ACTIVITY: Scan the data beneath this task and copy each line that includes "silhouette".

PROVIDED RECORDS:
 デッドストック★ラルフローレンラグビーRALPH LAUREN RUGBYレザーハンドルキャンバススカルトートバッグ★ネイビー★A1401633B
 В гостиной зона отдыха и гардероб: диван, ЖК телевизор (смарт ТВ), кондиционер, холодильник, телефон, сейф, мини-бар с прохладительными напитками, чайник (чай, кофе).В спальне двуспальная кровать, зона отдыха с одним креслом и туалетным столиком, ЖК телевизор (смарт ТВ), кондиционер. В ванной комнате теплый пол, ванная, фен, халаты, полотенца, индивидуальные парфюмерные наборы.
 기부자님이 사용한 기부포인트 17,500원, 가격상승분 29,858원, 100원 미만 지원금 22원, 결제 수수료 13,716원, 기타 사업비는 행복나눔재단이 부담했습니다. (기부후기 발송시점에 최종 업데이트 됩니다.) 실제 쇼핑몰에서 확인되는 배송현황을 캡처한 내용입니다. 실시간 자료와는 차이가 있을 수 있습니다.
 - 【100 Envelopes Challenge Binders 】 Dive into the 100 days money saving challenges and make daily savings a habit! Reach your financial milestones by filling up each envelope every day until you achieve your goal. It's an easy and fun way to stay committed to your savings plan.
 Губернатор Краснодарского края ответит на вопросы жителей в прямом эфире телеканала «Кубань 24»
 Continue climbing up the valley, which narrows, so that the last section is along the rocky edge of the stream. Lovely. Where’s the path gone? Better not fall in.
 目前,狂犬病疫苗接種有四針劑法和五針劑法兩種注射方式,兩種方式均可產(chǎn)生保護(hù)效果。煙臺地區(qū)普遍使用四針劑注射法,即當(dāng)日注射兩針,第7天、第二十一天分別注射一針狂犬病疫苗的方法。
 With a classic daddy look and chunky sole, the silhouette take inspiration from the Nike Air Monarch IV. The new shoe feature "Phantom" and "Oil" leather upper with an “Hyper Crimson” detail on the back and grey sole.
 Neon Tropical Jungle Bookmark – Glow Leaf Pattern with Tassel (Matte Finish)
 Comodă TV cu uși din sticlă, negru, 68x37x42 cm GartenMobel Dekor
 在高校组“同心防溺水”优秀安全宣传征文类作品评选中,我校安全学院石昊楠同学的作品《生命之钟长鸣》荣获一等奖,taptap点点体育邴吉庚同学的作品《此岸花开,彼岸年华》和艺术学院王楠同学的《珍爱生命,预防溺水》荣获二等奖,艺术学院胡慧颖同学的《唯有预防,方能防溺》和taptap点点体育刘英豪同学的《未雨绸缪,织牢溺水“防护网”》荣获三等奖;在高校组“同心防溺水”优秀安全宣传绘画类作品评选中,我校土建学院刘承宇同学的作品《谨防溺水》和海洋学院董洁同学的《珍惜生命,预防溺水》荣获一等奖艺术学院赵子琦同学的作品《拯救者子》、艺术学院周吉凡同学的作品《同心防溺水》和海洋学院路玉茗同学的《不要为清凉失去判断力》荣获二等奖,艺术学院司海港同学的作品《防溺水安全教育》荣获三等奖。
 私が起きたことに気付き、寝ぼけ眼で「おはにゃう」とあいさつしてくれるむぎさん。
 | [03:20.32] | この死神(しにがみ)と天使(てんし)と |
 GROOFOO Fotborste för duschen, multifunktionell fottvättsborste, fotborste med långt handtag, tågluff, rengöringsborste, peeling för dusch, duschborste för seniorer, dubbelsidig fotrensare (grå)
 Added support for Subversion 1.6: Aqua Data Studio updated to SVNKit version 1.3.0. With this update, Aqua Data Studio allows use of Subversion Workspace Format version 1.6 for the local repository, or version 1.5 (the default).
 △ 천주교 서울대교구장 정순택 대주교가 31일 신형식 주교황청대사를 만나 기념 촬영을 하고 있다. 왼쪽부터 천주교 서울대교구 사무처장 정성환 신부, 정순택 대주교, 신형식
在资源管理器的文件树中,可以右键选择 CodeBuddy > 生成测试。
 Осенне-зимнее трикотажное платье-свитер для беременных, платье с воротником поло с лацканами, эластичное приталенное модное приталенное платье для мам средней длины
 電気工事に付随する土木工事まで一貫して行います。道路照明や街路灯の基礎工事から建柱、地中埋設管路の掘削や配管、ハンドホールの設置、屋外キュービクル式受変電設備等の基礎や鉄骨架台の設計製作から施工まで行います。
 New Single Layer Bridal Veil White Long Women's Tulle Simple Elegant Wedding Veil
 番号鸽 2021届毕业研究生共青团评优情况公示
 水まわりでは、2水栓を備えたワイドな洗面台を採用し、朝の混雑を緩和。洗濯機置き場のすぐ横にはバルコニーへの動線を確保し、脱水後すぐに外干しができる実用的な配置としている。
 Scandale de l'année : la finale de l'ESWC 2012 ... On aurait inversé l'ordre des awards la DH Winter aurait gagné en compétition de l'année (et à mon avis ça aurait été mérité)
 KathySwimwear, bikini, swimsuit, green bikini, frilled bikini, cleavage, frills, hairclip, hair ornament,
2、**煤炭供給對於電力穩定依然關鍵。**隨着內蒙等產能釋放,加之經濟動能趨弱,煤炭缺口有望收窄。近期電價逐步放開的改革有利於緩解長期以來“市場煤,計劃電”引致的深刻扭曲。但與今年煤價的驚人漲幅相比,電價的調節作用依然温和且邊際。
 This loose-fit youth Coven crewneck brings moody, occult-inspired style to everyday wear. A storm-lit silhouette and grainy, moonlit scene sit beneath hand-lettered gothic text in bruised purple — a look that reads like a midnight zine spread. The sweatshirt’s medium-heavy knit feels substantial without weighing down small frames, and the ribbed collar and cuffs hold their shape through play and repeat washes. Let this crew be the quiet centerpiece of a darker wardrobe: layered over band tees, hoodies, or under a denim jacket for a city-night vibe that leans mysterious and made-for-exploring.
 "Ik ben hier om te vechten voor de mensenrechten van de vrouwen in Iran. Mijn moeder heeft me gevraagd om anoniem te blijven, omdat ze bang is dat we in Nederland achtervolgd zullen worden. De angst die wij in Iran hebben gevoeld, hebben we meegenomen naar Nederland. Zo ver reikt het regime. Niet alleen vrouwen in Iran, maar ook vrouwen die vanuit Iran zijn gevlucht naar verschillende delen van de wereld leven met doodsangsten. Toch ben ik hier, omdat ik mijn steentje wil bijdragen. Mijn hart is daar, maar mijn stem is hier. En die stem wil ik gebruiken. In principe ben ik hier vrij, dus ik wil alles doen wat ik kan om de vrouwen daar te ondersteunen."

PROBLEM SOLUTION:
 With a classic daddy look and chunky sole, the silhouette take inspiration from the Nike Air Monarch IV. The new shoe feature "Phantom" and "Oil" leather upper with an “Hyper Crimson” detail on the back and grey sole.
 This loose-fit youth Coven crewneck brings moody, occult-inspired style to everyday wear. A storm-lit silhouette and grainy, moonlit scene sit beneath hand-lettered gothic text in bruised purple — a look that reads like a midnight zine spread. The sweatshirt’s medium-heavy knit feels substantial without weighing down small frames, and the ribbed collar and cuffs hold their shape through play and repeat washes. Let this crew be the quiet centerpiece of a darker wardrobe: layered over band tees, hoodies, or under a denim jacket for a city-night vibe that leans mysterious and made-for-exploring.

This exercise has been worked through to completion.